Il était long longtemps le temps dans cette portion de parcours de 11 km que je devais faire et qui était remplie de côtes qui n’en finissaient plus de finir. Je ne voulais plus en faire des foulées pour atteindre ce relais. Je voulais arrêter de souffrir.
Mais je sais que pour Robert, le temps est trop court. Ce temps qui le sépare de la mort imminente. Cette mort annoncée par son médecin la semaine dernière. Je sais qu’il veut encore en faire des foulées. Je sais qu’il veut souffrir encore.
Pour vivre.
Deux événements aux antipodes. Qui bousculent. Qui troublent. Qui font réfléchir. Mais qui, étrangement, sont tout près l’un de l’autre.
Robert, dans son marathon contre ce nouveau cancer, dans ce marathon de fin de vie. Moi, dans mon marathon autour du lac Memphrémagog, dans un marathon vers une forme physique qui me gardera en santé, en vie.

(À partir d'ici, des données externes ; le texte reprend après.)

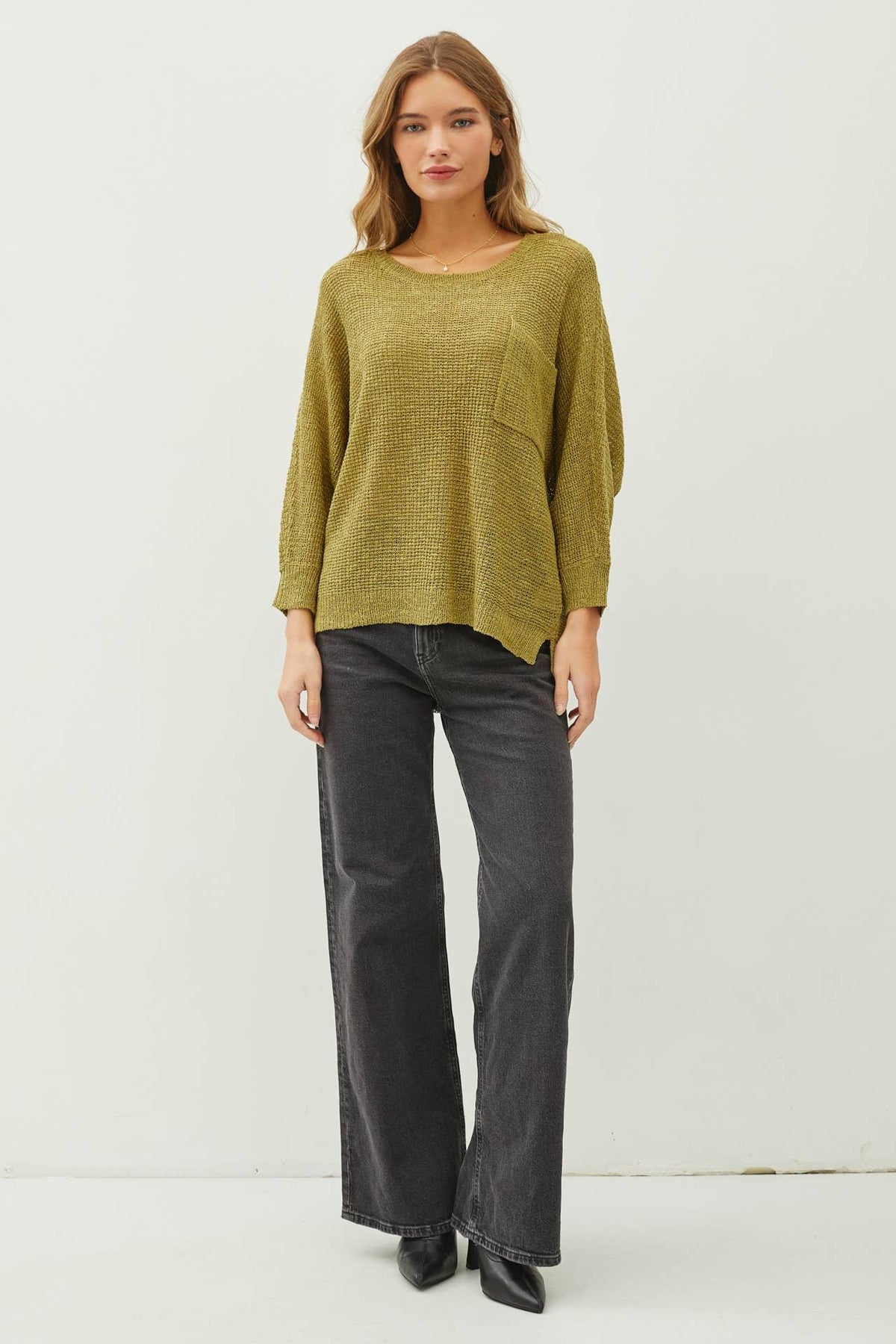 Women's Sweaters - FRONT POCKET DOLMAN LONG SLEEVE KNIT SWEATER - Sage - Cultured Cloths Apparel

Lui, qui court après le temps. Lui, qui veut profiter de tous ces petits moments pour être près des siens. Moi, qui cours pour avoir plus de temps. Être longtemps, longtemps parmi les miens.

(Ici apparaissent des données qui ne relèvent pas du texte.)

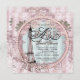 Lindas pérolas cor-de-rosa, renda e chá de panela de Paris Eiffel Tower. Este elegante chá de panela de Paris, azul e rosa, é facilmente personalizado para o seu evento. Todos os designs de convite que você encontrará no Zazzle são gráficos impressos sem fitas, arcos, joias, gemas, brilho, etc.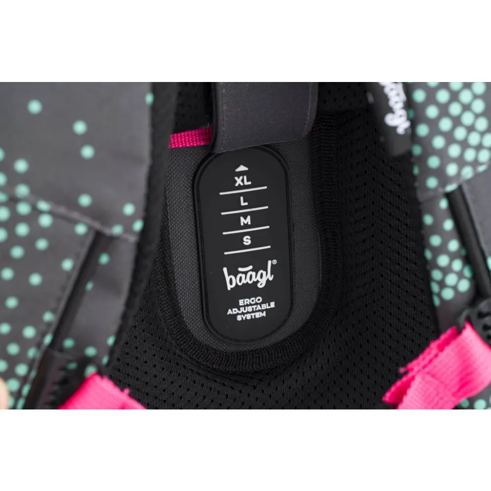• Posuvný zádový systém ERGO ADJUSTABLE SYSTEM umožňuje nastavení optimální polohy popruhů vzhledem k výšce dítěte.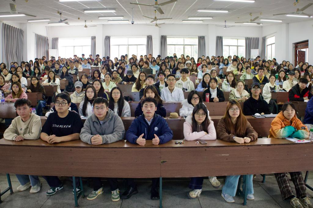 随后,项永生提出“以倒序的方式规划现在的自己”,从就业路径、生涯探索、自我定位、能力储备四大维度展开,介绍了考研、考公、创业、就业、国际汉语教师志愿者等多元发展方向,并推荐”车-日-路模型”等生涯认知工具帮助确认自我定位。针对不同专业,他提出针对性建议:汉语言专业同学若有志从教,应提前储备教育学知识并考取相关证书;新闻与新媒体专业学生需加强实操技能,注重作品积累。项永生还鼓励同学们积极参与第三届全国大学生职业规划大赛,在实践中明晰目标。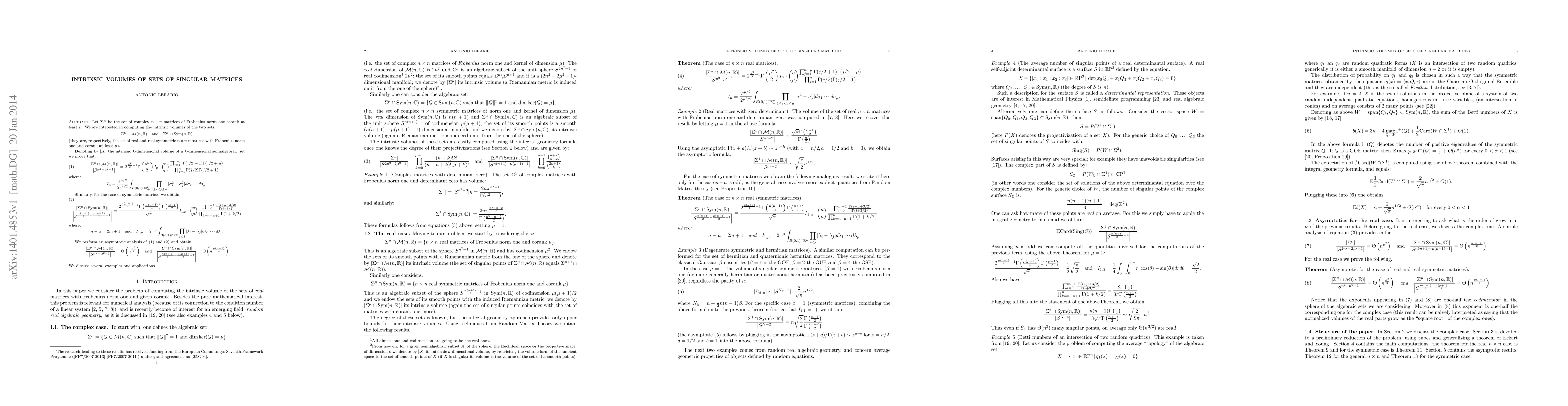 We explicitly compute the intrinsic volume of the set of real (and real symmetric) matrices of Frobenius norm one and given corank (the case of matrices with zero determinant as a special case). We give asymptotic formulas for our computations and we discuss several examples and applications.

Deux moments. Deux étapes importantes. Les deux dans la même semaine.
Robert qui passera un anneau dans l’annuaire gauche de sa douce. Qui est arrivé premier au fil d’arrivée dans le coeur de Dorothy mercredi. Moi, qui ai réussi tout un défi tant mental que
physique, même si je n’ai pas brisé de record olympique.

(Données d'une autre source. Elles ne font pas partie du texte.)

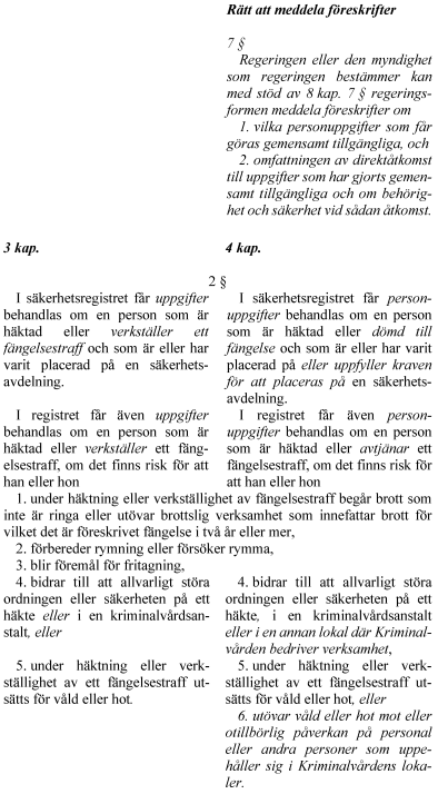 Det centrala kriminalvårdsregistret innehåller en stor mängd uppgifter som Kriminalvården behöver för att kunna utföra sitt uppdrag. Det är bl.a. uppgifter om personer som avtjänar en påföljd inom myndigheten. Behandlingen av personuppgifter i det centrala kriminalvårdsregistret regleras i huvudsak i kriminalvårdens brottsdataförordning. Förordningen innehåller bl.a. en detaljerad och uttömmande uppräkning av vilka uppgifter registret får innehålla.

Et chaque fois que j’emprunterai une route pour courir, j’aurais une pensée pour toi. Pour ces deux marathons que nous avons courus côte à côte.
Bonne route, Robert!

23 septembre 2009

Je refuse d'emboîter le pas

Quand on m’a dit que c’était mieux pour ma grenouille de la faire dormir sur le côté, j’ai écouté les yeux fermés les disciples de cette nouvelle mode. Parce que oui, il y a une mode dans la façon de faire dormir les bébés. J’ai dormi sur le ventre alors que Maxim devait dormir sur le dos. Et puis quand Filou est arrivée, j’ai appris qu’il fallait aller chez Morphée sur le côté.
Quand on a installé des distributeurs de gel désinfectant pour les mains dans tous les recoins du bureau, j’ai embarqué dans le mouvement de ceux qui passent leur temps à se frotter les mains pour tuer germes et bactéries.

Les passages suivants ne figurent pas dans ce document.